Twin mode — a mixture of the primary two choices. Information from the desk is being loaded into reminiscence, however at question time it can be retrieved straight from the supply

Versus Components Engine, which doesn’t assist parallelism, the Storage Engine can work asynchronously.

Meet VertiPaq Storage Engine

As we now have drawn an enormous image beforehand, let me clarify in additional element what VertiPaq does within the background to spice up the efficiency of our Energy BI studies.

After we select Import mode for our Energy BI tables, VertiPaq performs the next actions:

Reads the info supply, transforms knowledge right into a columnar construction, encodes, and compresses knowledge inside every of the columns
Establishes a dictionary and index for every of the columns
Prepares and establishes relationships
Computes all calculated columns and calculated tables, and compresses them

The 2 principal traits of VertiPaq are:

VertiPaq is a columnar database
VertiPaq is an in-memory database

As you possibly can see within the illustration above, columnar databases retailer and compress knowledge differently from conventional row-store databases. Columnar databases are optimized for vertical knowledge scanning, which signifies that each column is structured in its personal approach and bodily separated from different columns!

With out going into deep evaluation about benefits and downsides between row-store vs column-store databases, since it might require a separate collection of articles, let me simply pinpoint a couple of key differentials by way of efficiency.

With columnar databases, single-column entry is quick and efficient. As soon as the computation begins to contain a number of columns, issues develop into extra complicated, because the middleman steps’ outcomes should be quickly saved not directly.

Merely mentioned, columnar databases are extra CPU-intensive, whereas row-store databases enhance I/O, due to many scans of ineffective knowledge.

Thus far, we painted an enormous image of the structure that permits Energy BI to totally shine as an final BI software. Now, we’re able to dive deeper into particular architectural options and consequently leverage this data to benefit from our Energy BI studies, by tuning our knowledge mannequin to extract the utmost from the underlying engine.

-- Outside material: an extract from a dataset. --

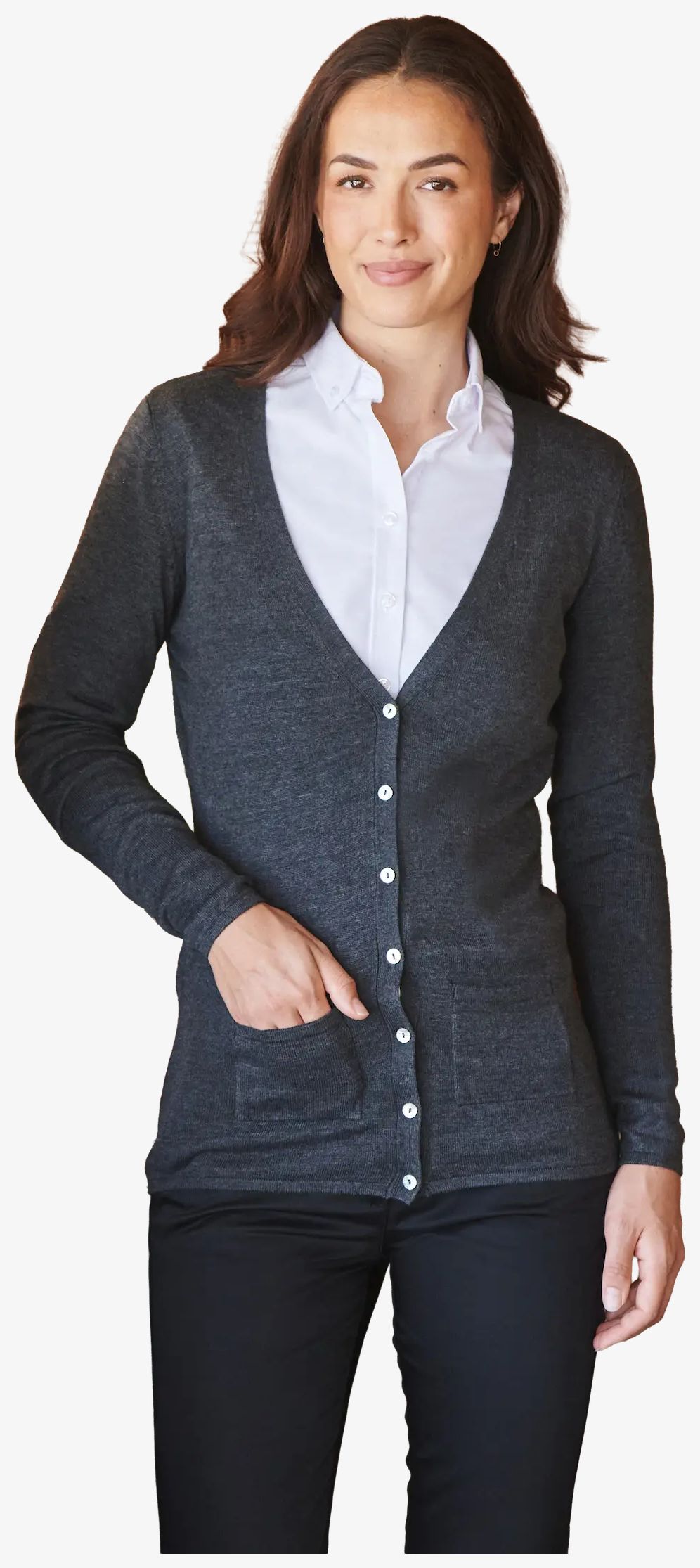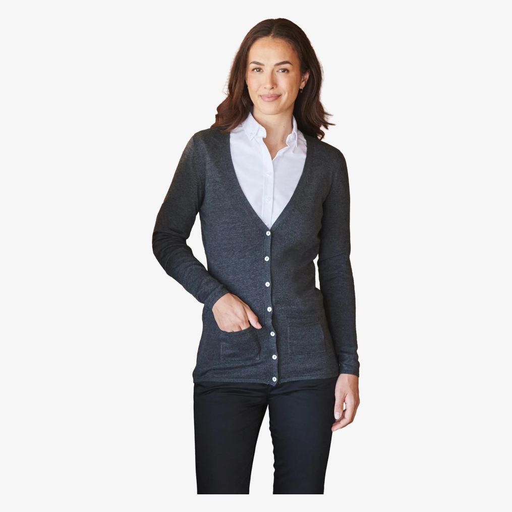 Ladies v-neck button pocket cardigan to damski kardigan z dekoltem w serek, zapinany na guziki, z 2 kieszeniami. Splot 12, ze ściągaczami przy mankietach i szerokimi, podwiniętymi wykończeniami u dołu, do codziennego noszenia.
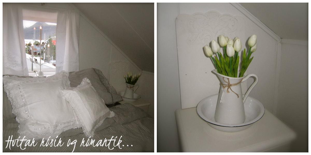 …gardínurnar gerði ég úr tveimur bróderuðum koddaverum, sem við fengum í jólagjöf frá góðum vinum, mér fannst þau svo falleg að ég tímdi ekki að „slefa“ í þau…

Inside VertiPaq in Energy BI — Compress for achievement!

As you may recall from the earlier a part of this text, we scratched the floor of VertiPaq, a robust storage engine, which is “accountable” for the blazing-fast efficiency of most of your Energy BI studies (each time you’re utilizing Import mode or Composite mannequin).

3, 2, 1…Fasten your seatbelts!

One of many key traits of the VertiPaq is that it’s a columnar database. We realized that columnar databases retailer knowledge optimized for vertical scanning, which signifies that each column has its personal construction and is bodily separated from different columns.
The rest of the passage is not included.